Media hora más tarde Koldo me entregó una pequeña caja, del tamaño de dos cajetillas de tabaco, con un pulsador, que metí en un bolsillo. ”Todos los componentes son de Microsoft. Son los mejores”, me dijo, para luego añadir, “Sólo pueden ser los mejores porque en realidad son los únicos”. No le dije que ese artilugio, si funcionaba, me salvaría la vida. Esperaba no tener que utilizarlo y de hacerlo que fuese efectivo.

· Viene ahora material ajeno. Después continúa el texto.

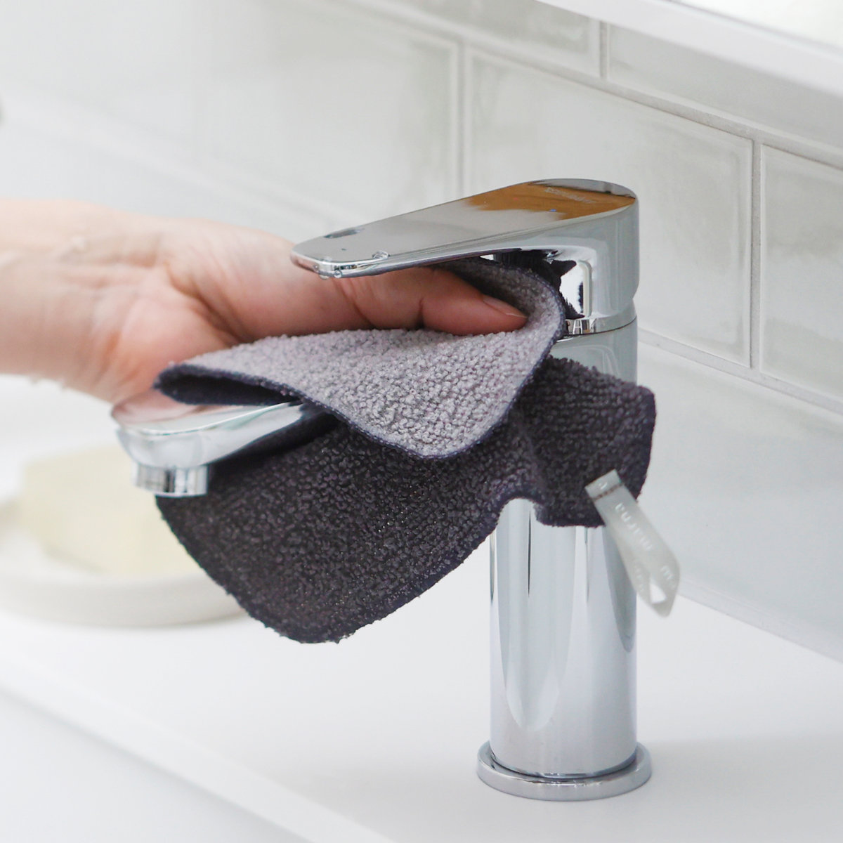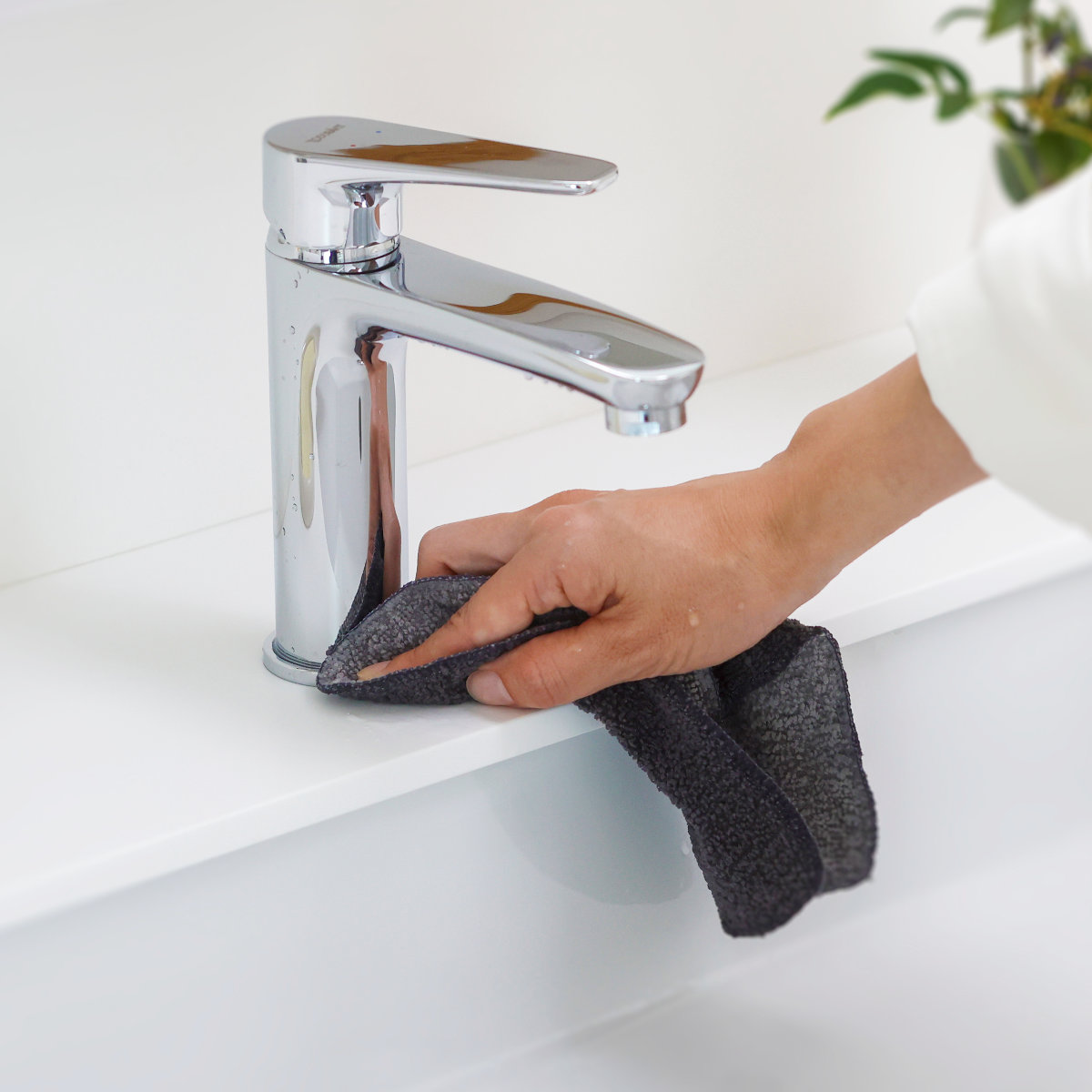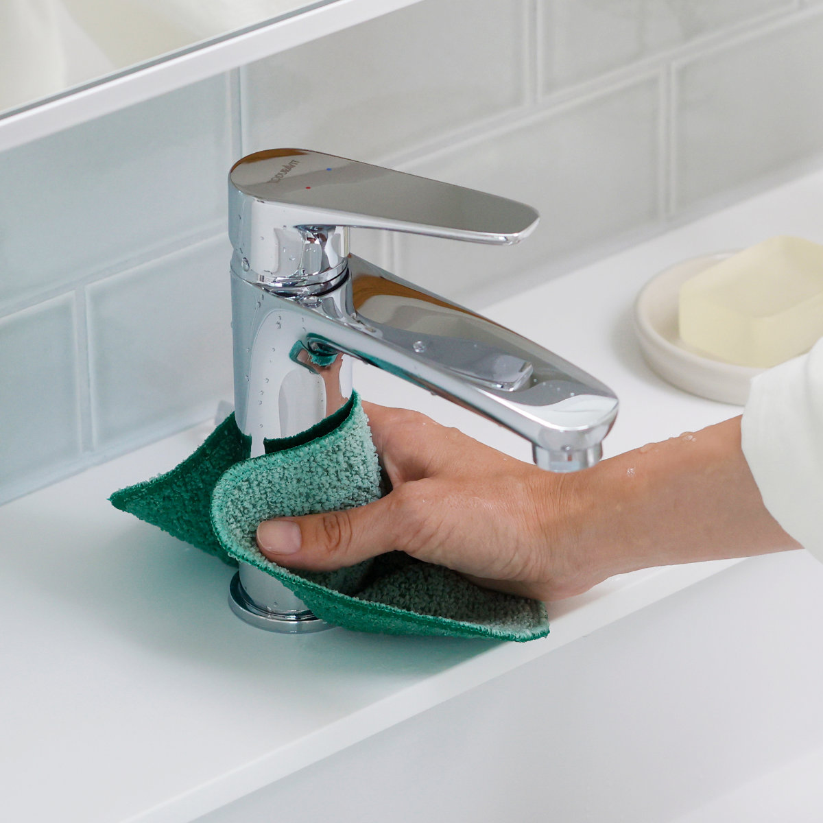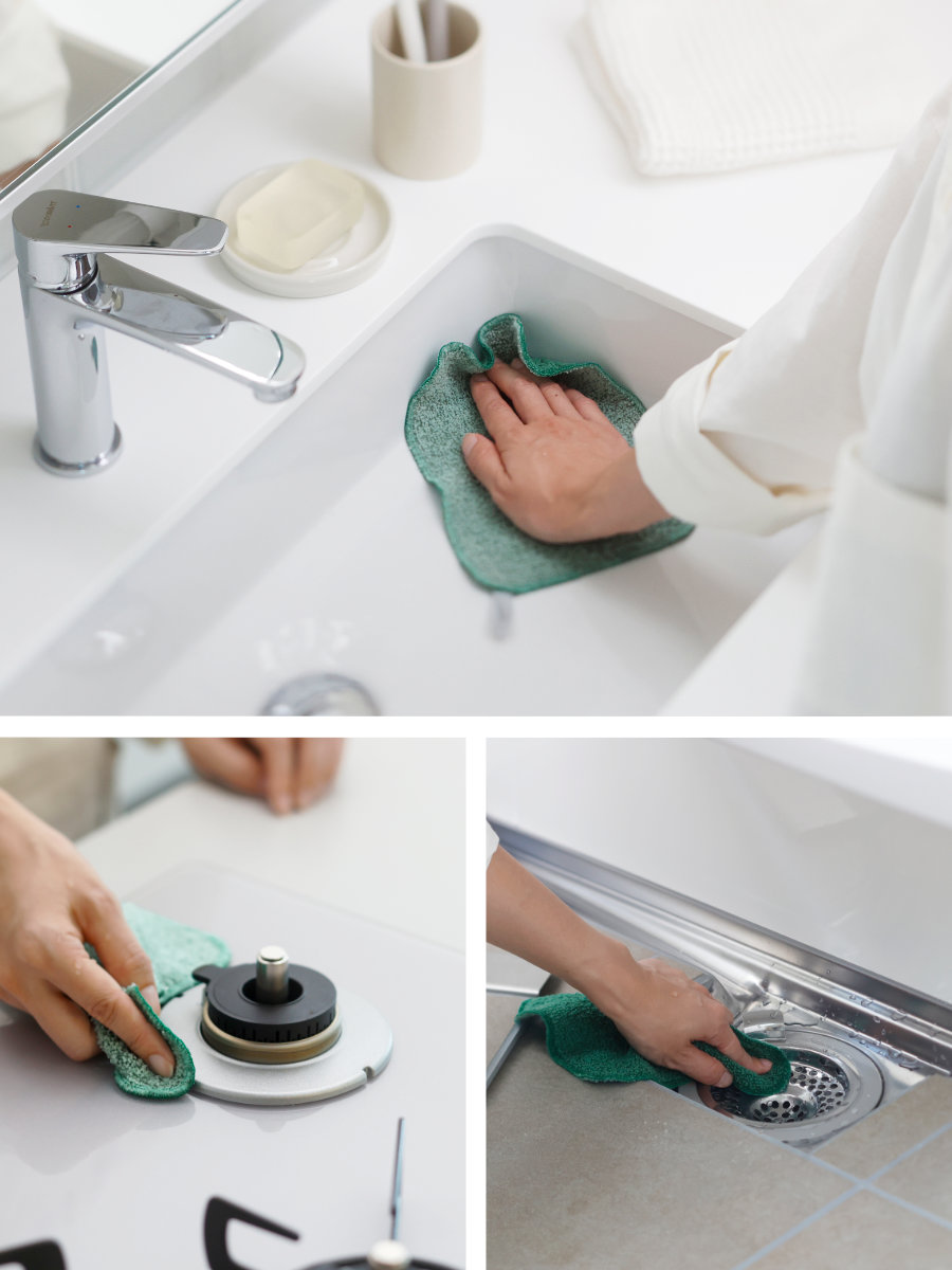 水に濡らすことでゴリゴリとしたコシのある質感になり、弾力を活かして汚れをしっかりとかき落とします。蛇口の水アカもスッキリ落とせます。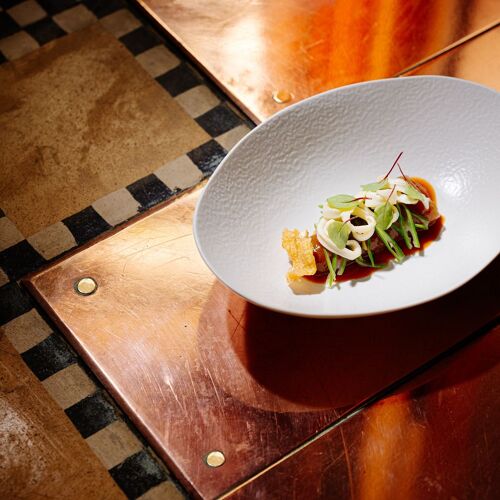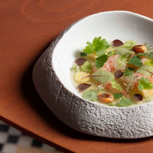 More than just a restaurant, this eatery is a part of local history as it occupies a building dating back to 1919 that once belonged to a group of farmers and acted as a casino and a type of social club. In the hands of the Feliu family since the 1950s, it has taken on a new lease of life under the baton of Cristina Feliu and her partner, chef Àlex Carrera, who came here to set up his own restaurant after working for several years at El Celler de Can Roca in the province of Girona. To a delightful 19C-style backdrop featuring lots of vintage decorative details, savour cooking with a contemporary flair where locally sourced ingredients take centre stage, all of which are explained in detail with every course. Two tasting menus (Discovery and Emotion) are the only dining options, both of which begin with what the restaurant refers to as “vermouth time”.

Gonzalerría no tardó en llegar y saludó a Koldo revolviéndole el pelo, en el caso que lo hubiese tenido, pero que se quedó como una caricia afectuosa en su rapada cabeza. Le preguntó qué tal andaba como una frase hecha, sin ningún atisbo de humor y con una absoluta falta de sensibilidad, en ambos casos subrayando la forma de ser de un Gonzalerría en estado puro. A Koldo no pareció importarle, tenía asumido que Xabier era como era, y aún así le mostraba aprecio.
Antes de que pudiésemos empezar a rememorar viejas batallas, Gonzalerría dijo, “A Josu le quedan menos de catorce horas de vida”. El deber, una vez más, nos llamaba.